Would you return exactly the lines below from the line with "大容量粉碎杯(200ml) Large cap. container" through the line with "Meeting for worship", both included, and nothing else, leaving out the pictures?

*** Data supplied Section Begins ***

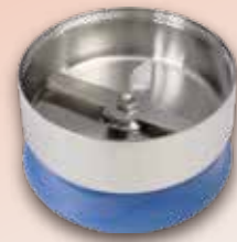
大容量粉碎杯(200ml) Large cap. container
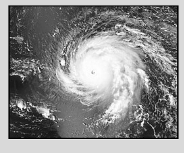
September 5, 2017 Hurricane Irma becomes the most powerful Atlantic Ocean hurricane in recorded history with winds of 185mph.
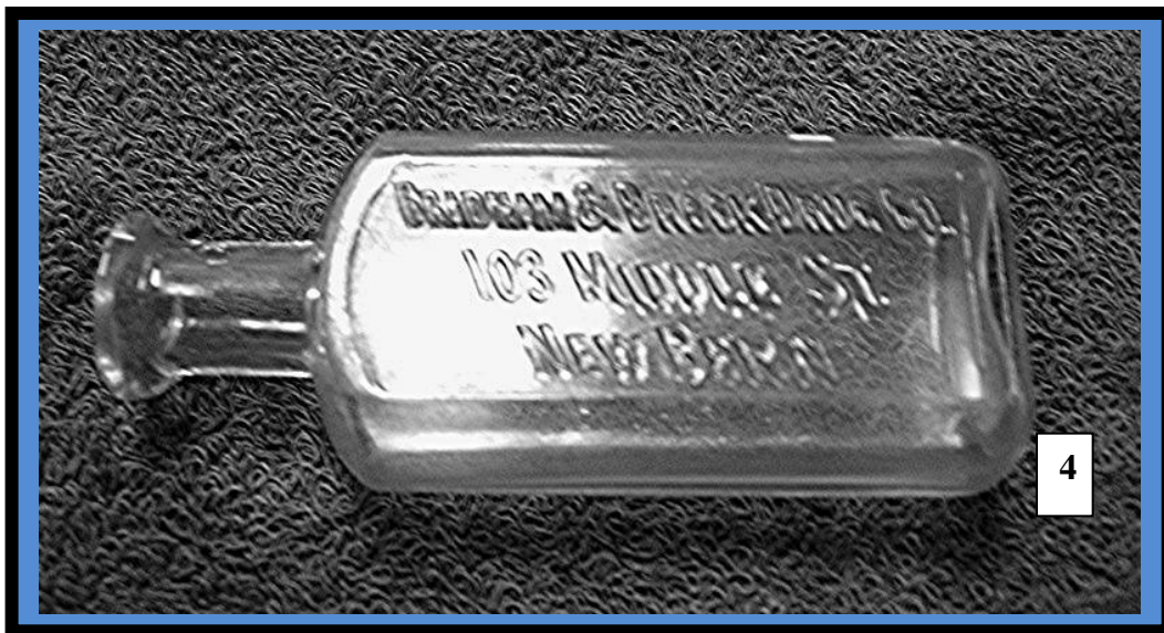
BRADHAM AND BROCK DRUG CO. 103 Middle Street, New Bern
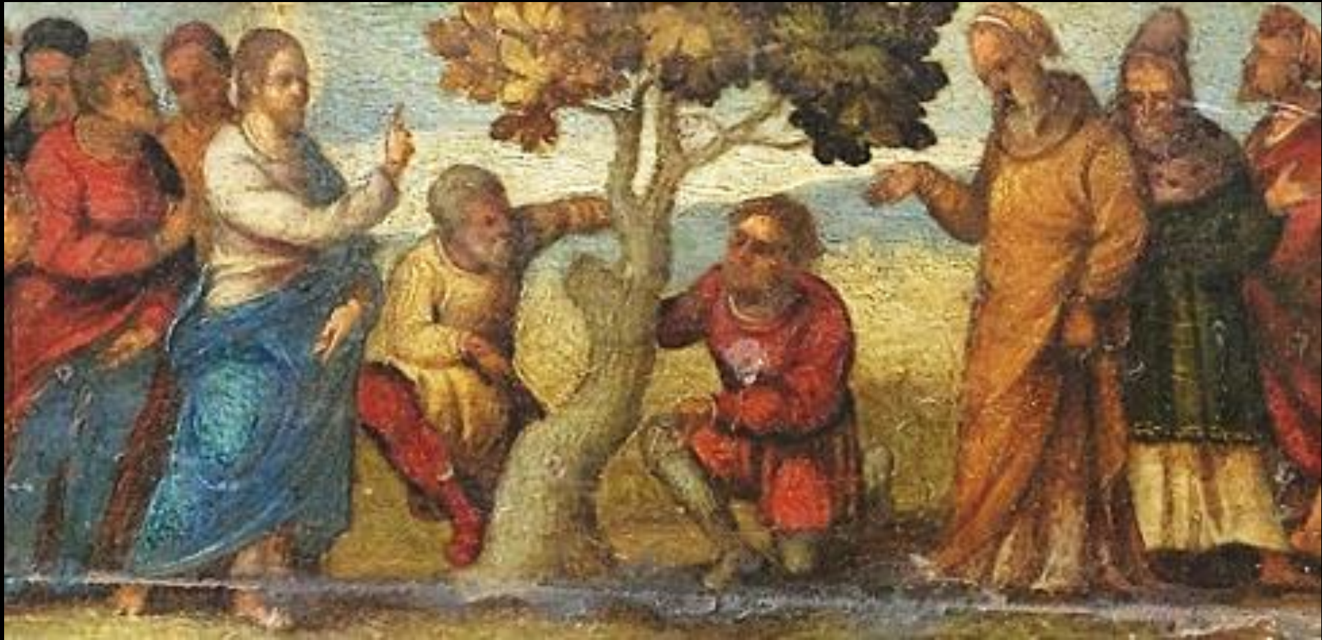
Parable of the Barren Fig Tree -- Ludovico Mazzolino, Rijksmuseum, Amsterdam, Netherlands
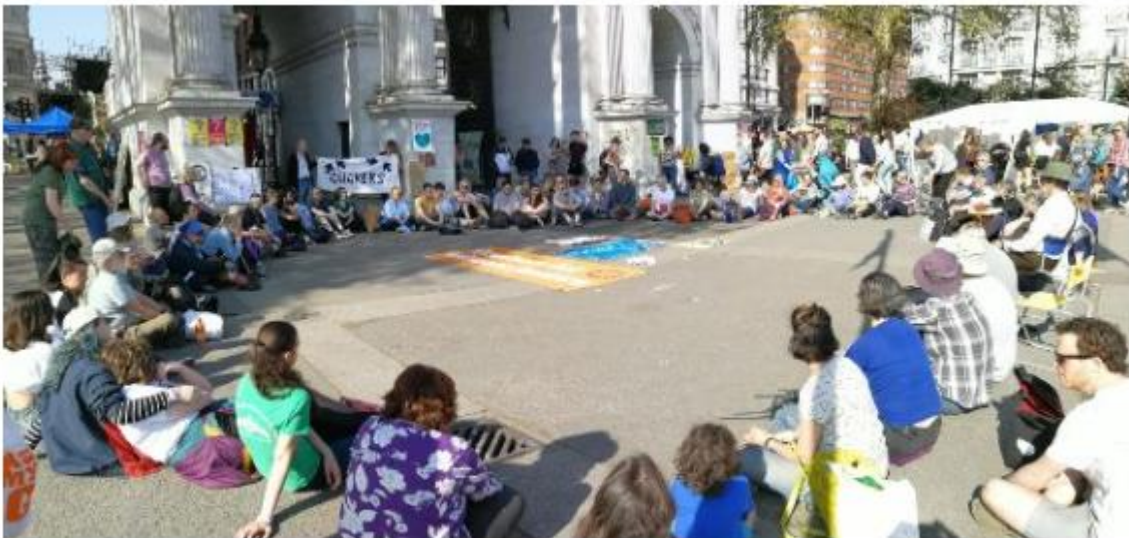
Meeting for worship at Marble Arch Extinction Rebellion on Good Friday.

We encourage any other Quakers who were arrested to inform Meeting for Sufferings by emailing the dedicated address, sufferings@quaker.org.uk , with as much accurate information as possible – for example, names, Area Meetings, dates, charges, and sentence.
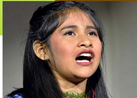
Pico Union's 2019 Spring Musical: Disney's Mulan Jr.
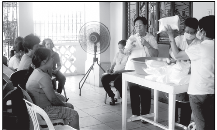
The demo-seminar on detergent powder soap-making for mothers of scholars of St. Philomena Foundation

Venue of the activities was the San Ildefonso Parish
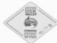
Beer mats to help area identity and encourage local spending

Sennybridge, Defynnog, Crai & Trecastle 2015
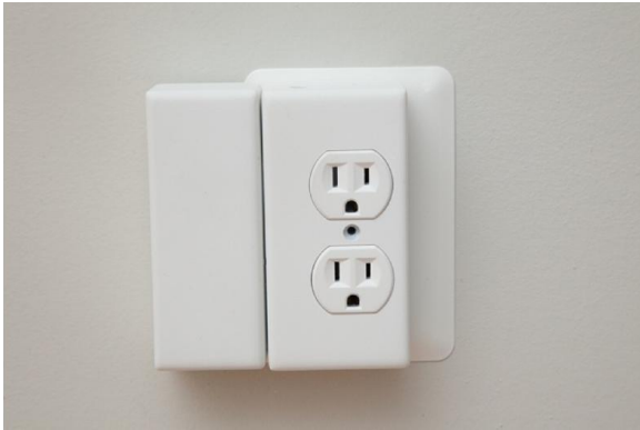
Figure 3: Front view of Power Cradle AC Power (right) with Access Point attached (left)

*** Data supplied Section Ends ***
*** Data supplied Section Begins ***

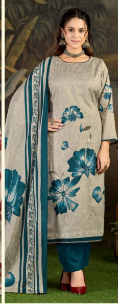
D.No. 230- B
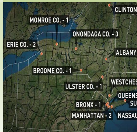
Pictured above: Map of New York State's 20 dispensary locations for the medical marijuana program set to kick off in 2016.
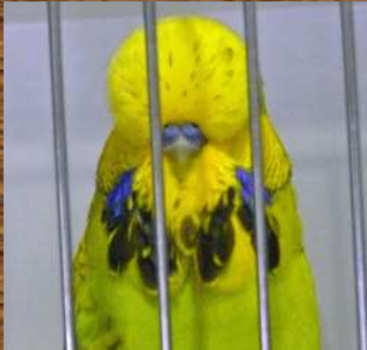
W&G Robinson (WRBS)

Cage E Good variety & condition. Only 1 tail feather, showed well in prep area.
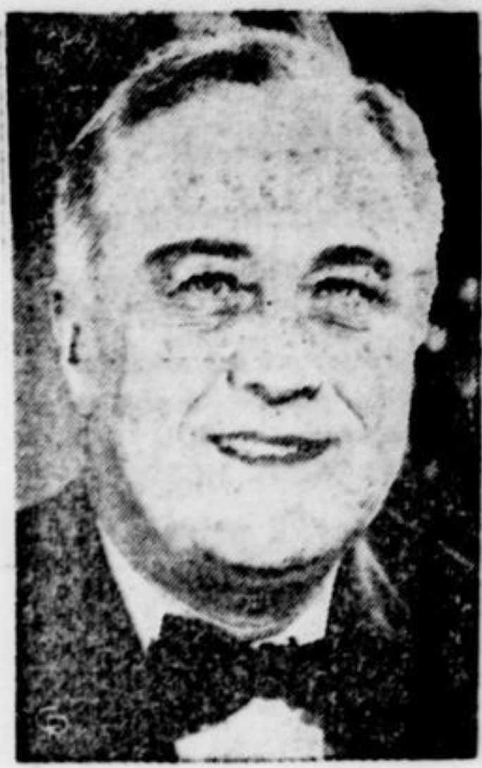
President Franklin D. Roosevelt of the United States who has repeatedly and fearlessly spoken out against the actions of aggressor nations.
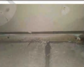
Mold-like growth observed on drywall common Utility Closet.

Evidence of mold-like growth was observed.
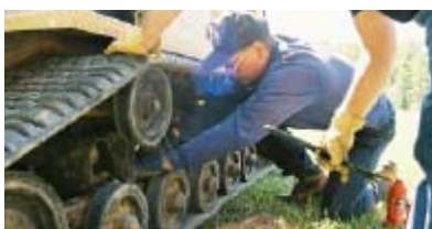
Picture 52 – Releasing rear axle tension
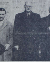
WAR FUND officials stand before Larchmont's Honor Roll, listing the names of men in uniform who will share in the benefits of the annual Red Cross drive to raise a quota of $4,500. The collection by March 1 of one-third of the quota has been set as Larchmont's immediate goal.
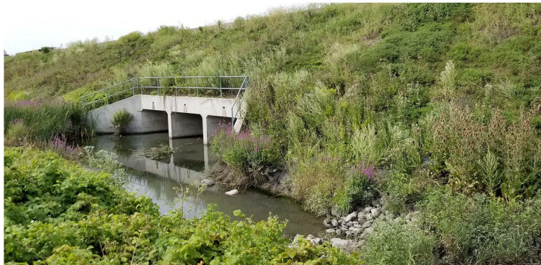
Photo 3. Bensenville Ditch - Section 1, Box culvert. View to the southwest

*** Data supplied Section Ends ***
*** Data supplied Section Begins ***

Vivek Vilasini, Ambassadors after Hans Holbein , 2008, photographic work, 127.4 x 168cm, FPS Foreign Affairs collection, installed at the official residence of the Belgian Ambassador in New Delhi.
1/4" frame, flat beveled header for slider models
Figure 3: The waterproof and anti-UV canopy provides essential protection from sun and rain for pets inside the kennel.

*** Data supplied Section Ends ***

Reply to the task:
大容量粉碎杯(200ml) Large cap. container
September 5, 2017 Hurricane Irma becomes the most powerful Atlantic Ocean hurricane in recorded history with winds of 185mph.
BRADHAM AND BROCK DRUG CO. 103 Middle Street, New Bern
Parable of the Barren Fig Tree -- Ludovico Mazzolino, Rijksmuseum, Amsterdam, Netherlands
Meeting for worship at Marble Arch Extinction Rebellion on Good Friday.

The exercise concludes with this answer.